Stored entries:
___
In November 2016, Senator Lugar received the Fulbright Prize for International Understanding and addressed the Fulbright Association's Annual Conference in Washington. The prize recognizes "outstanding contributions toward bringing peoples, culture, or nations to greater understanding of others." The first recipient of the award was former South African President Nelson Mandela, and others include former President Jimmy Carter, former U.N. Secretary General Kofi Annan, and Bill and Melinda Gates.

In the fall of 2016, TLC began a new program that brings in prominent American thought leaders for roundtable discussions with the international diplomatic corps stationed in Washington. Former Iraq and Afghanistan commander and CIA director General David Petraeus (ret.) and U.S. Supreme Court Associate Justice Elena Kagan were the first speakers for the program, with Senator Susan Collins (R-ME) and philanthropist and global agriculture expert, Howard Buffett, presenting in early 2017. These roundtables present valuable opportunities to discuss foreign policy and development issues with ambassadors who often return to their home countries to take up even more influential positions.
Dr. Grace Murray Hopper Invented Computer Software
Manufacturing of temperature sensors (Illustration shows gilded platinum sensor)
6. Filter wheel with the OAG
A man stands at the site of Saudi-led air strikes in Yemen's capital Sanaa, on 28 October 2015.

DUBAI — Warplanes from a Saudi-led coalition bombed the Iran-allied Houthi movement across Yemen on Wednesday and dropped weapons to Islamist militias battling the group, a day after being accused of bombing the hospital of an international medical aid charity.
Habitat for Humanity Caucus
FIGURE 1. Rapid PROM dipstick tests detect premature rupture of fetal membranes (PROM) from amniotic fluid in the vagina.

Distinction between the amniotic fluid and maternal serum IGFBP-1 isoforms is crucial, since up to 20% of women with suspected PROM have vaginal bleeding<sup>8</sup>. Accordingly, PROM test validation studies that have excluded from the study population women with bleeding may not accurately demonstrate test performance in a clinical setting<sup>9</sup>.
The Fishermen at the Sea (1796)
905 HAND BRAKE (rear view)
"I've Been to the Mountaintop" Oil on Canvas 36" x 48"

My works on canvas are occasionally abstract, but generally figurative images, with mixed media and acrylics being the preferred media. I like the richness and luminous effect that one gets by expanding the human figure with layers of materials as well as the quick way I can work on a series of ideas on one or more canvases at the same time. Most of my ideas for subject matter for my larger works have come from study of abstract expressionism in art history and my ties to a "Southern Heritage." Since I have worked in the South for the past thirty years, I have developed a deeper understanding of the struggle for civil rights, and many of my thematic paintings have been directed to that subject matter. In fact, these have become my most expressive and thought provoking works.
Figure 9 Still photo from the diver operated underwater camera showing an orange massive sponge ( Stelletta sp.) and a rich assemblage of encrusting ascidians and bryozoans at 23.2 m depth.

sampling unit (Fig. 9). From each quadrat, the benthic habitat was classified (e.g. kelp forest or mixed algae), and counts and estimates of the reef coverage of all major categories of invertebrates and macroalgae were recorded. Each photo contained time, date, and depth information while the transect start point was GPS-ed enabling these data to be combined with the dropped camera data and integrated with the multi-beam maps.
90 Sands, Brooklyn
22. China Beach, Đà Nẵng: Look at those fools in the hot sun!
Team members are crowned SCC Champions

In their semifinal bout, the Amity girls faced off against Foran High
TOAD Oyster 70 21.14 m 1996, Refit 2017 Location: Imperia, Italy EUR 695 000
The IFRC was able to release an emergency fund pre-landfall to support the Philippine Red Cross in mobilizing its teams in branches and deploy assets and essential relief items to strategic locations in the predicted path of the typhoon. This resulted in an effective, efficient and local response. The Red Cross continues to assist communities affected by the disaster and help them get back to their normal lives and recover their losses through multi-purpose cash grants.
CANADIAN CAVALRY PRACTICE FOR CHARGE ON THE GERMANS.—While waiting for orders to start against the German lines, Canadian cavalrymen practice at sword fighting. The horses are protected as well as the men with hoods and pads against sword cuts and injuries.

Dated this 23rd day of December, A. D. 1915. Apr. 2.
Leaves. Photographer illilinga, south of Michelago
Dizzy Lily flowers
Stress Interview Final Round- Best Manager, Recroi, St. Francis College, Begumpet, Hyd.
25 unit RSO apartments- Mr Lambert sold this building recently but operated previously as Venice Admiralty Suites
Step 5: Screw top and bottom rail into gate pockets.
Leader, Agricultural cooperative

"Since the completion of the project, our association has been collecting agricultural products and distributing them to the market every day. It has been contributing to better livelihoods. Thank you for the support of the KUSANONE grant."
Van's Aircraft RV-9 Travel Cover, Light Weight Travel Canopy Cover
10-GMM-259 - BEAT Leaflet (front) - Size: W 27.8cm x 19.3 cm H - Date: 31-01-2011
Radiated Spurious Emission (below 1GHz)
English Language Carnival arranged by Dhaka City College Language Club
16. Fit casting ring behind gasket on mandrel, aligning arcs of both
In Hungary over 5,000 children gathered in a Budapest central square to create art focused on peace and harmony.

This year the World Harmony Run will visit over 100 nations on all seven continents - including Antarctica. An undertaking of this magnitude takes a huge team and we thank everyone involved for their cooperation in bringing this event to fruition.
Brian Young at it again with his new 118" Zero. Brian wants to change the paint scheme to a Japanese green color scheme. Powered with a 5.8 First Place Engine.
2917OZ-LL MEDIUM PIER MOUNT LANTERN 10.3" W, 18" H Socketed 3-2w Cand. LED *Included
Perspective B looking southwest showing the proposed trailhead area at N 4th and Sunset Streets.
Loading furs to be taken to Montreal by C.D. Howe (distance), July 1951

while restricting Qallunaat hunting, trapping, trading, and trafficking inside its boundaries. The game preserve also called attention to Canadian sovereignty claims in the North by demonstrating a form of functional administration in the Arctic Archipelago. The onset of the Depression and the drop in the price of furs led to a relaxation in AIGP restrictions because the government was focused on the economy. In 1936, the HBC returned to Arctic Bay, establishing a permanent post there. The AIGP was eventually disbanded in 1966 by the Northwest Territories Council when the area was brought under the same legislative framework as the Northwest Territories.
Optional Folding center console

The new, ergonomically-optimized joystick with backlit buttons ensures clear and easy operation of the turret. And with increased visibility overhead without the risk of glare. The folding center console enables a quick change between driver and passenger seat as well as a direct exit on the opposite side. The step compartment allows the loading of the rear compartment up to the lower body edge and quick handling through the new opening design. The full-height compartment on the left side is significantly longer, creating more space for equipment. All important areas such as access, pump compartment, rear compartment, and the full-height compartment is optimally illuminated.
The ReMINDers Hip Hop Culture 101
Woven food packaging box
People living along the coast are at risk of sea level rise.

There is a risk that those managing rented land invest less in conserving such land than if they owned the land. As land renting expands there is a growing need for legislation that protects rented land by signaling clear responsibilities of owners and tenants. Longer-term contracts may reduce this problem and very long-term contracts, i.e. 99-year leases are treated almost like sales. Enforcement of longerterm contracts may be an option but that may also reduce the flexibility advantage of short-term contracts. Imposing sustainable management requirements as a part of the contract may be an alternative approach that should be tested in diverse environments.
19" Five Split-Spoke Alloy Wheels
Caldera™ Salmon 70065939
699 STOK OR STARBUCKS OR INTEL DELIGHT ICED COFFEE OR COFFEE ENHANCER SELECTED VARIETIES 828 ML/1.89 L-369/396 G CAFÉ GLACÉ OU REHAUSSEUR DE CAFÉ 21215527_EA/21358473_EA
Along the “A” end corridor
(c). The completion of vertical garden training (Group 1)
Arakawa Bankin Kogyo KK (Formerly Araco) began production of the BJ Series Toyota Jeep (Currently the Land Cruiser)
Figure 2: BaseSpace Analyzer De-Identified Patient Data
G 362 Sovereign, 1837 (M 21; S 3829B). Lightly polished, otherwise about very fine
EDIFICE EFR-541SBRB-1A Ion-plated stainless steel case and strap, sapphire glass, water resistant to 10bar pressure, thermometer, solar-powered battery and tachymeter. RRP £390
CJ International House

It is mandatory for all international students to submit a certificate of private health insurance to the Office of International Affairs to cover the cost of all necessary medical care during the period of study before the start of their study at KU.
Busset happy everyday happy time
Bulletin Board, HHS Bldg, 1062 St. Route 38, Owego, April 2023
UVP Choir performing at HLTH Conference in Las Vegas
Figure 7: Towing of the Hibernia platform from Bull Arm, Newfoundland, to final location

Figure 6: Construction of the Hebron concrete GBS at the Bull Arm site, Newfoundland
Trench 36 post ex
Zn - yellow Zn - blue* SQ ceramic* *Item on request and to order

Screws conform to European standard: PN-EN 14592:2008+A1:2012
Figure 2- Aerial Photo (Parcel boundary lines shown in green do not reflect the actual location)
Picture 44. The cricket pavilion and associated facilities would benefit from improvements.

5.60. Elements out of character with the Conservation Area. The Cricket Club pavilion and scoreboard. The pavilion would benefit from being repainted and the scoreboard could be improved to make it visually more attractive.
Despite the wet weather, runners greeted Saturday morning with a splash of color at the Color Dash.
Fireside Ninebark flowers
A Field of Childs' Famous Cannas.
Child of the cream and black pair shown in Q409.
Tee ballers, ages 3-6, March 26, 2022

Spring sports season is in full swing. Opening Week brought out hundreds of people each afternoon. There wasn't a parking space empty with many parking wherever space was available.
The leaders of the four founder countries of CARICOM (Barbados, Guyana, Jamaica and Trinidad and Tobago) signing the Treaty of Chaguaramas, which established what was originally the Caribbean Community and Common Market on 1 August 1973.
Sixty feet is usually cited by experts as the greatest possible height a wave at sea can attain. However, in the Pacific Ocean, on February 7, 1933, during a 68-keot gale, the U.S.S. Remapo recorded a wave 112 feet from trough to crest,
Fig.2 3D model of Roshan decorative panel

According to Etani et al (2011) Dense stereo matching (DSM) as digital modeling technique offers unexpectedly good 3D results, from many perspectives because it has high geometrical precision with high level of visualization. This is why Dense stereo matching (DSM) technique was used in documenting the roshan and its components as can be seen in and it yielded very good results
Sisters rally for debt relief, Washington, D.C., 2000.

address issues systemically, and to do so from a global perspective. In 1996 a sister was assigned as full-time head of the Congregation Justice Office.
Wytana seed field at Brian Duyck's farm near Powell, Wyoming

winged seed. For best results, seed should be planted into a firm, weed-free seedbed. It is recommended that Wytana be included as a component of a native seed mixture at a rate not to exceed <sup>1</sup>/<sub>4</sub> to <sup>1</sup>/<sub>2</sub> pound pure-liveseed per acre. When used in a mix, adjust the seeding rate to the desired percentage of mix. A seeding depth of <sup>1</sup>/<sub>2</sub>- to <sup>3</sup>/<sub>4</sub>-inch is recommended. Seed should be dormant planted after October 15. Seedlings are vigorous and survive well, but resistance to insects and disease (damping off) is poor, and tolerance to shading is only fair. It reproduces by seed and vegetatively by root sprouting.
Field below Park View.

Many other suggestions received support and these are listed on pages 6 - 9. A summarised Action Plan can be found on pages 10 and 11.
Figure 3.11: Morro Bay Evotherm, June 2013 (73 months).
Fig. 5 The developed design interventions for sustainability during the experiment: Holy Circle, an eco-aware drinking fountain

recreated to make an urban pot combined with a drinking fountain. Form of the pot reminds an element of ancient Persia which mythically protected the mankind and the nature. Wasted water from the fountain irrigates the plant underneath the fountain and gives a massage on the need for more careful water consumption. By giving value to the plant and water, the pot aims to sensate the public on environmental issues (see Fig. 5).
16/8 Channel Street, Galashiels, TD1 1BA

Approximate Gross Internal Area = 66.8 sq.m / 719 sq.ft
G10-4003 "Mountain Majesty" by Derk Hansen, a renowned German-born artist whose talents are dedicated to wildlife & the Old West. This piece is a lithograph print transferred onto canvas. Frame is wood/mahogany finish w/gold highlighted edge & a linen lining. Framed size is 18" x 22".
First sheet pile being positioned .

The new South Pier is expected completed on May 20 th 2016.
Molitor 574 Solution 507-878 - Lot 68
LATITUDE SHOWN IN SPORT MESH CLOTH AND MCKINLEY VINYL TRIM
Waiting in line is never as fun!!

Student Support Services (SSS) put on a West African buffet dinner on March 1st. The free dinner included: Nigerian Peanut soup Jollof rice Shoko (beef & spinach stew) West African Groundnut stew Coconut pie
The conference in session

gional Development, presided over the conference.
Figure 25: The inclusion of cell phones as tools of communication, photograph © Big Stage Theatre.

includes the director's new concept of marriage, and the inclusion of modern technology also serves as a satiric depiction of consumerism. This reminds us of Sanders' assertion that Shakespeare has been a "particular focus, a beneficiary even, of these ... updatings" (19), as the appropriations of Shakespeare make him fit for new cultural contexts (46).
___
What the exercise asks: Every line from the one containing "Derk Hansen, a" through the last line above should be retyped exactly; no other lines are wanted.

Solution to the problem:
G10-4003 "Mountain Majesty" by Derk Hansen, a renowned German-born artist whose talents are dedicated to wildlife & the Old West. This piece is a lithograph print transferred onto canvas. Frame is wood/mahogany finish w/gold highlighted edge & a linen lining. Framed size is 18" x 22".
First sheet pile being positioned .

The new South Pier is expected completed on May 20 th 2016.
Molitor 574 Solution 507-878 - Lot 68
LATITUDE SHOWN IN SPORT MESH CLOTH AND MCKINLEY VINYL TRIM
Waiting in line is never as fun!!

Student Support Services (SSS) put on a West African buffet dinner on March 1st. The free dinner included: Nigerian Peanut soup Jollof rice Shoko (beef & spinach stew) West African Groundnut stew Coconut pie
The conference in session

gional Development, presided over the conference.
Figure 25: The inclusion of cell phones as tools of communication, photograph © Big Stage Theatre.

includes the director's new concept of marriage, and the inclusion of modern technology also serves as a satiric depiction of consumerism. This reminds us of Sanders' assertion that Shakespeare has been a "particular focus, a beneficiary even, of these ... updatings" (19), as the appropriations of Shakespeare make him fit for new cultural contexts (46).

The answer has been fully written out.